■ **Required action**
What you return should match the data below exactly, with no pictures in it.

■ **Data segment**
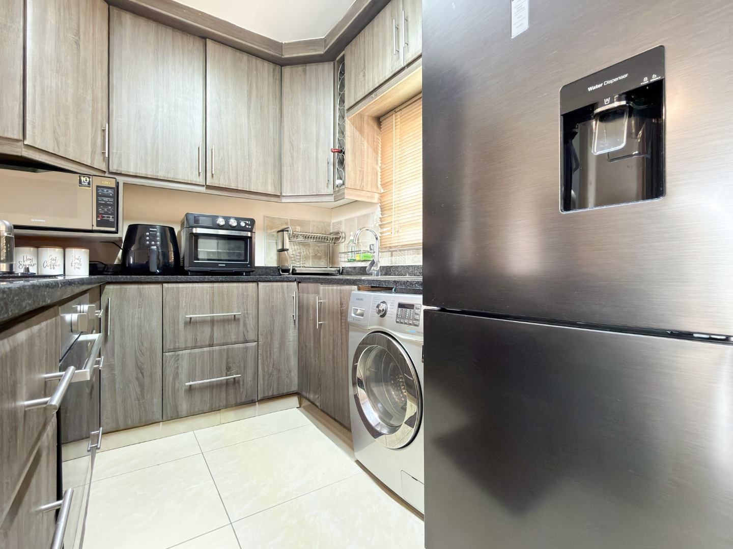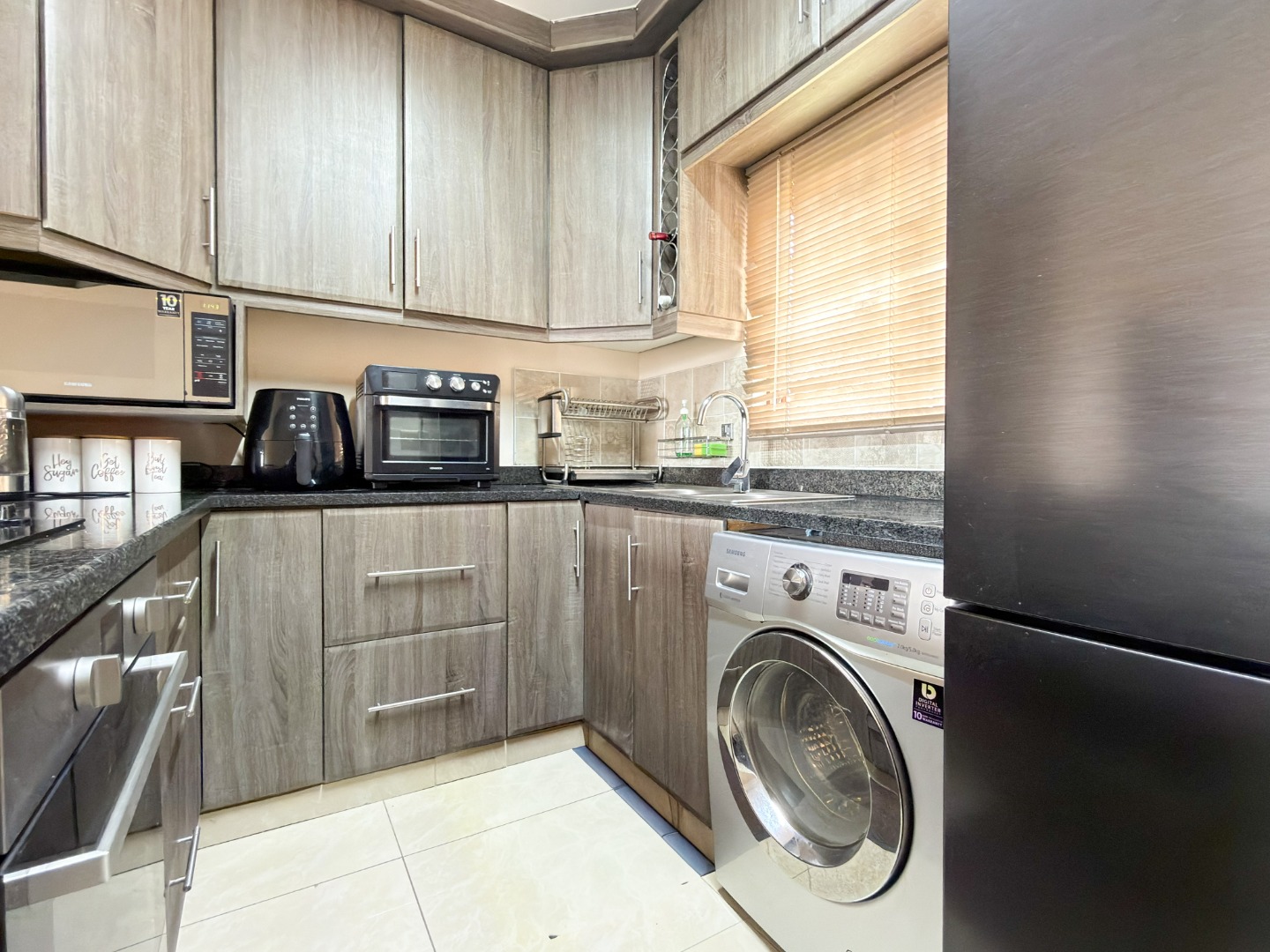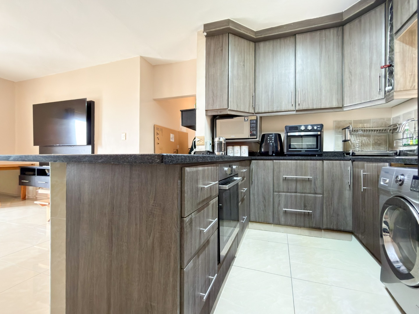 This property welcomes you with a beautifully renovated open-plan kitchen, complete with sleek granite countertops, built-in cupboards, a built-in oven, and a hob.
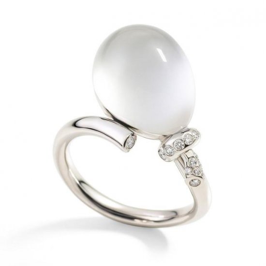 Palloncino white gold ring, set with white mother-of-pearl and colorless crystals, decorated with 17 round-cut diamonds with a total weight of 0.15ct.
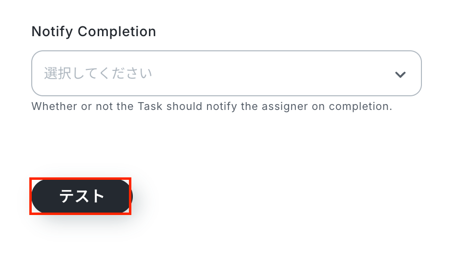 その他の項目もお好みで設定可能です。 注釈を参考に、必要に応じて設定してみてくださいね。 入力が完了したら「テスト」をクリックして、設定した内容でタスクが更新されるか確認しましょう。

■ **Written response**
 This property welcomes you with a beautifully renovated open-plan kitchen, complete with sleek granite countertops, built-in cupboards, a built-in oven, and a hob.
 Palloncino white gold ring, set with white mother-of-pearl and colorless crystals, decorated with 17 round-cut diamonds with a total weight of 0.15ct.
 その他の項目もお好みで設定可能です。 注釈を参考に、必要に応じて設定してみてくださいね。 入力が完了したら「テスト」をクリックして、設定した内容でタスクが更新されるか確認しましょう。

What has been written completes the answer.